[Data extract Boundary: Start]

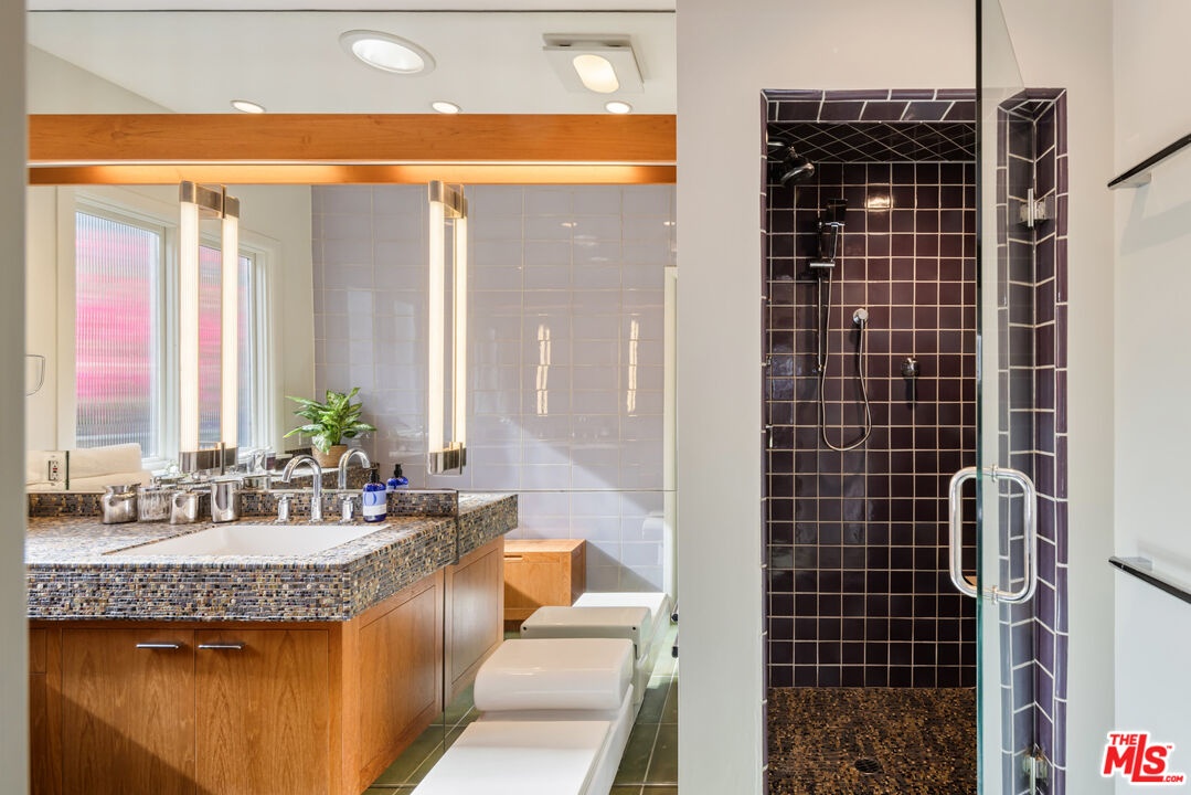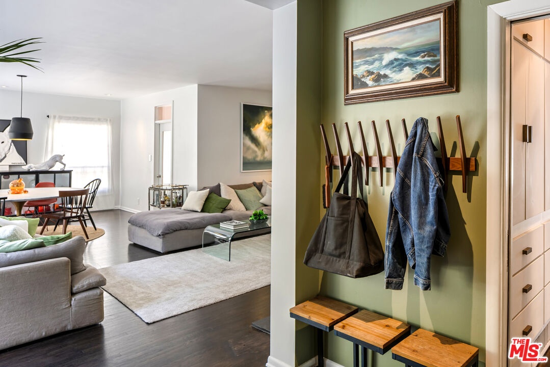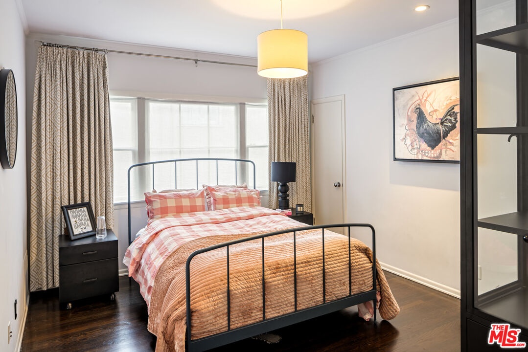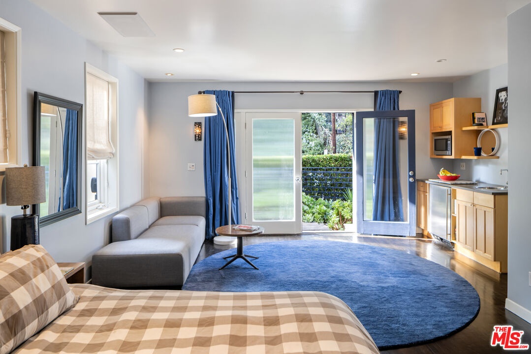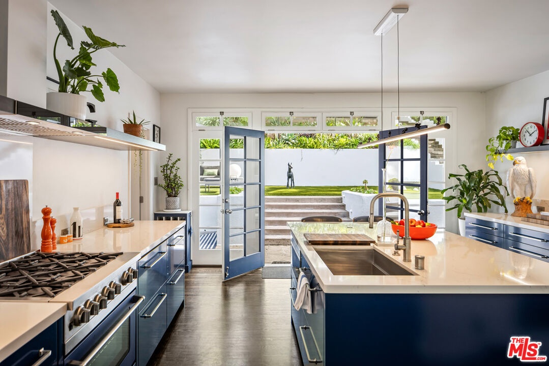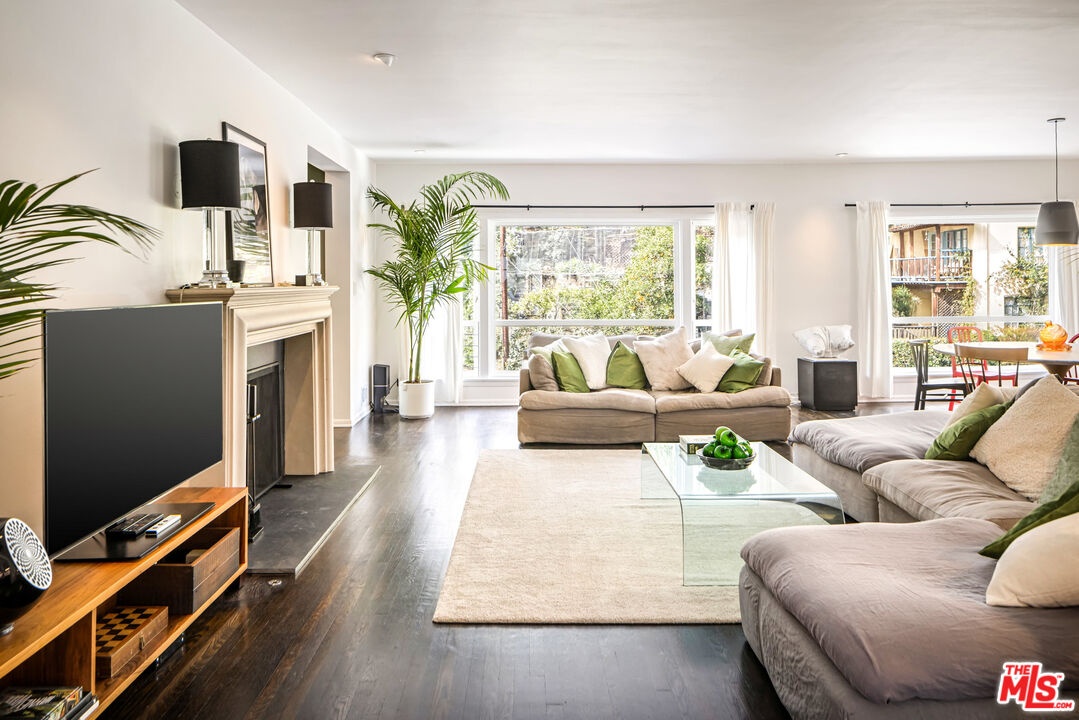 This gated Traditional home with mid-century modern influences sits on a large, wooded lot in upper Beachwood Canyon. Formerly celebrity-owned and tucked back from the street, this home's expansive rear yard is an outdoor sanctuary bringing the tranquility of nature to everyday living. Green canyon views can be seen from the oversized windows creating an airiness throughout the living space, anchored by a renovated kitchen which seamlessly joins both interior living and the outdoors. The kitchen is outfitted with built-in, luxury appliances, a large island, and plentiful countertop prep space. Whether you prefer entertaining or quiet fireside moments, this home offers the space for your household to sprawl on the 4 bedroom, 3 bath main level inclusive of an oversized, primary suite with custom Walnut built-in's and dedicated laundry/utility room. Rear French doors open to your own secluded park-like garden designed for entertaining. Winding paths of the curated grounds showcase its succulent gardens, professionally landscaped terraces, several lounging areas, banana and Meyer lemon trees, and private hilltop pergola illuminated by a masterfully designed light installation. Out of town guests can enjoy the privacy of a private guest suite on the lower level with its own kitchenette, bathroom, bedroom/office and private garden. The two-car garage features built-in cabinets & utility sink. Close to hiking trails, Beachwood market, city night life, and major studios. Experience the magic of this private sanctuary in iconic Beachwood Canyon.
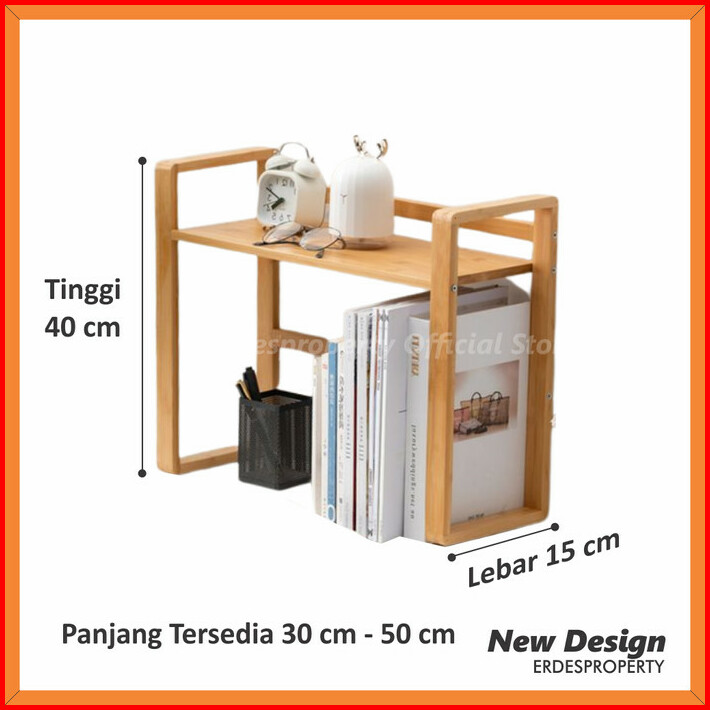 Rak Tempat Buku Hiasan Meja Asli Kayu Lebar 15 Cm Aesthetic Serbaguna
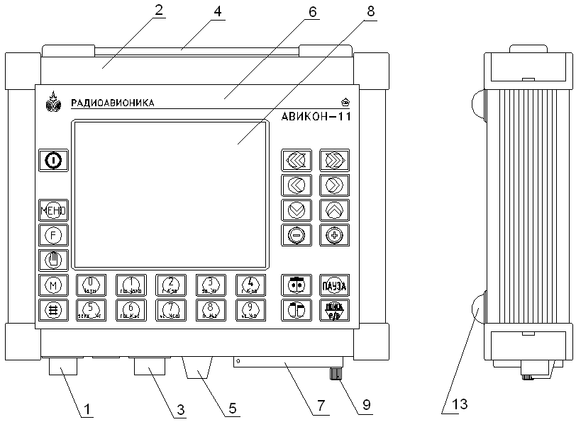1-разъем для подключения выносного пульта, 2-корпус, 3-соединительный разъем, 4-ручка, 5-муфта крепления, 6-кнопочная панель управления, 7-крышка, 8-ЖКИ, 9-фиксатор крышки, 10-USB порт, 11-COM-порт (RS-232), 12-разъем карты памяти, 13-опора
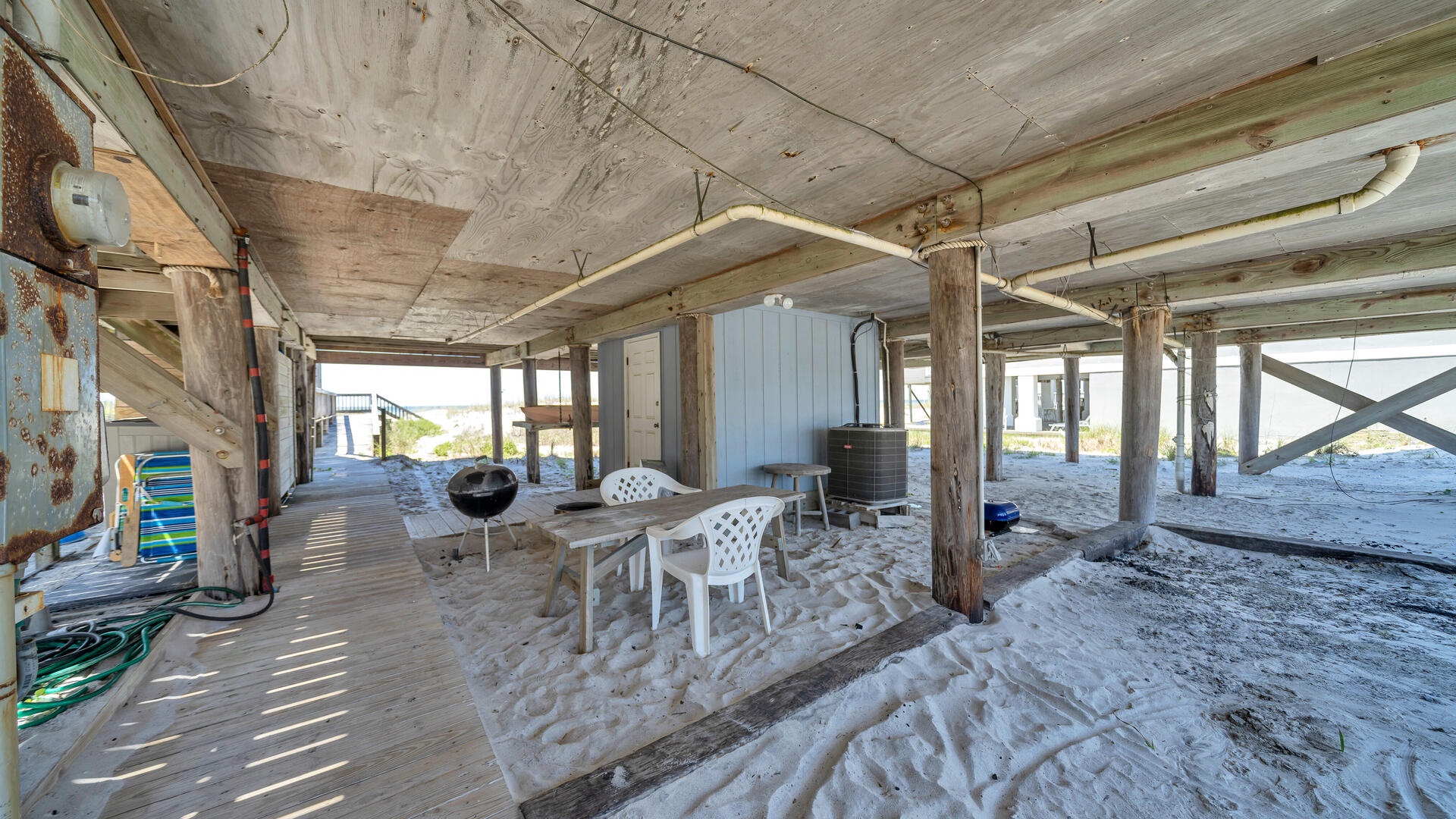 Underneath the home, you'll find a nicely shaded area with beach gear, sitting table, lounge chairs, beach gear, enclosed outdoor shower, and a charcoal grill! From here, the wooden walkway leads out to the beach, allowing for easy access to beach or home with just a couple steps at the beach end!
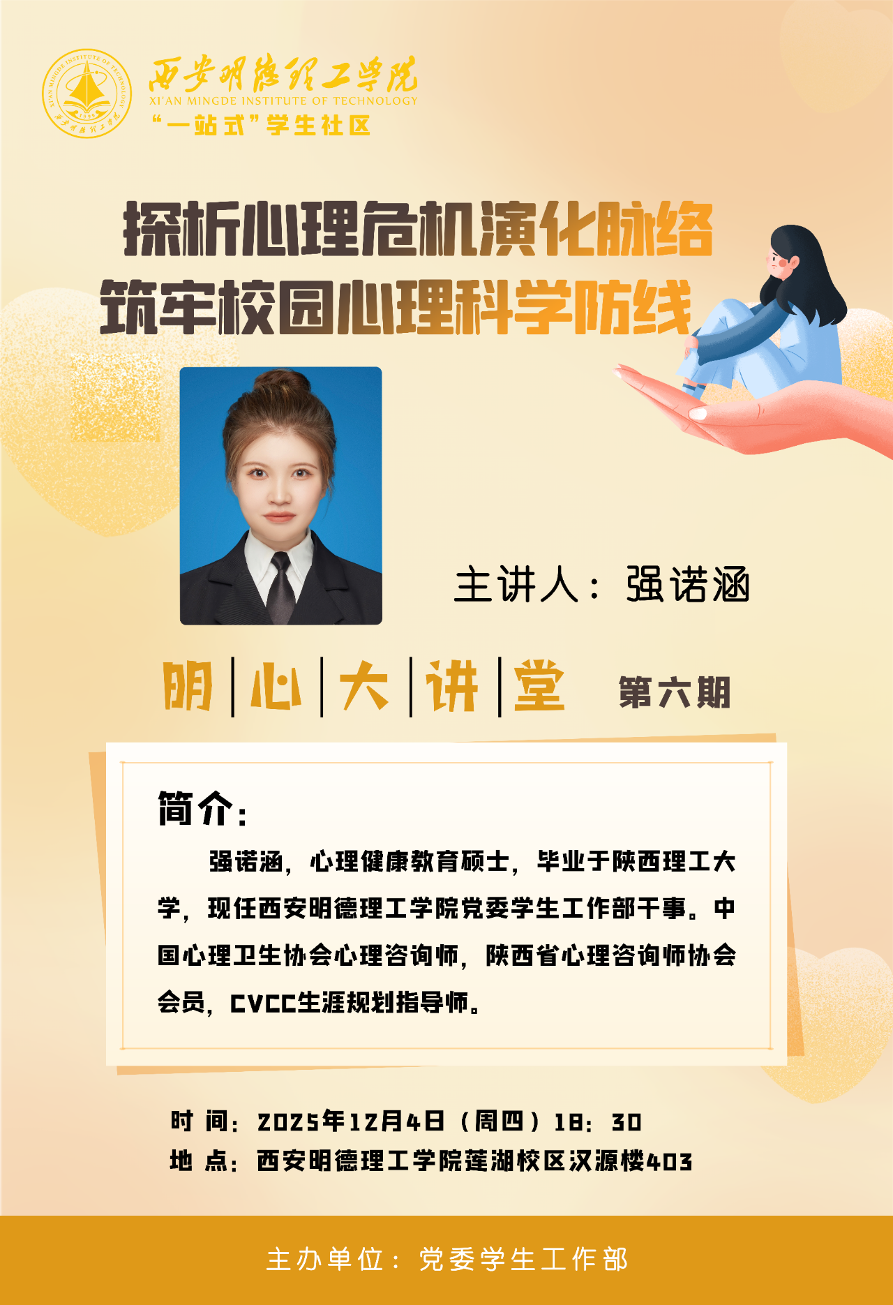 一、培训时间2025年12月4日 18:30二、培训地点西安明德理工学院莲湖校区汉源楼403三、报告会专家党委学生工作部 强诺涵四、培训对象 明德科技职业学院班级与宿舍心理委员周四我们不见不散~
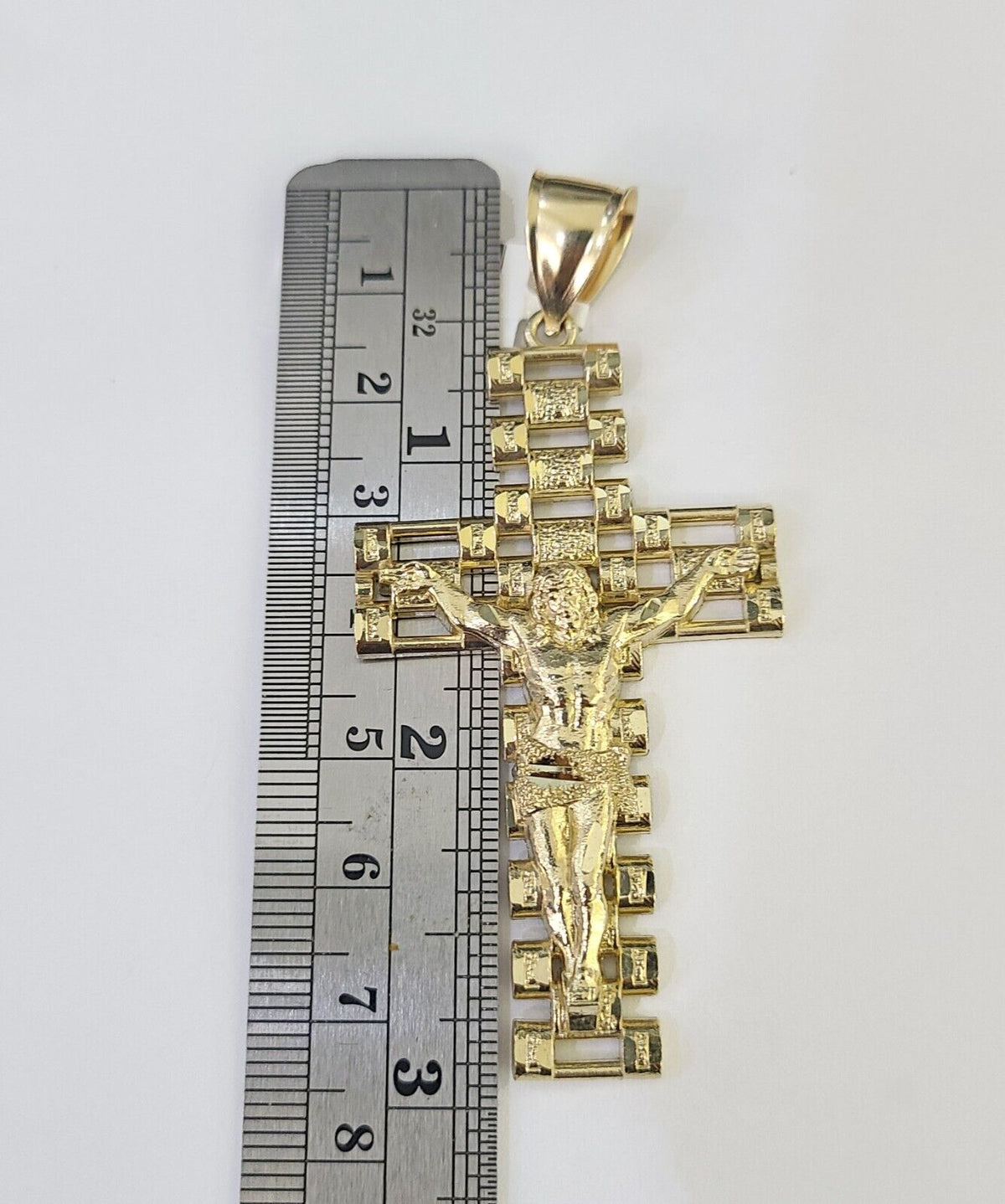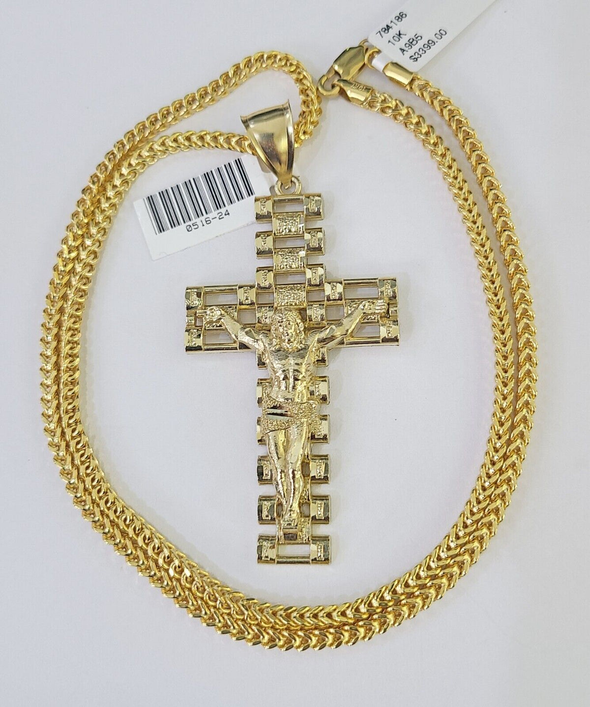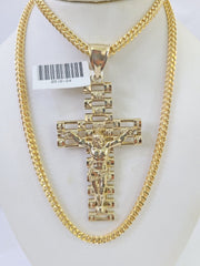 Is Presenting You with This Absolutely Stunning Real 10k Yellow Gold Franco Chain 3mm, 20-26��Inches��Lobster Lock��with Jesus Crucifix Cross Pendant. The links are 10K GOLD and are very strong. 22"A9B5��A8B2

[Data extract Boundary: End]

Action item - Each line from the one containing "Underneath the home, you'll" through the last line above should be retyped exactly, and no other line. Any picture is to be left out.

Solution to the problem -
 Underneath the home, you'll find a nicely shaded area with beach gear, sitting table, lounge chairs, beach gear, enclosed outdoor shower, and a charcoal grill! From here, the wooden walkway leads out to the beach, allowing for easy access to beach or home with just a couple steps at the beach end!
 一、培训时间2025年12月4日 18:30二、培训地点西安明德理工学院莲湖校区汉源楼403三、报告会专家党委学生工作部 强诺涵四、培训对象 明德科技职业学院班级与宿舍心理委员周四我们不见不散~
 Is Presenting You with This Absolutely Stunning Real 10k Yellow Gold Franco Chain 3mm, 20-26��Inches��Lobster Lock��with Jesus Crucifix Cross Pendant. The links are 10K GOLD and are very strong. 22"A9B5��A8B2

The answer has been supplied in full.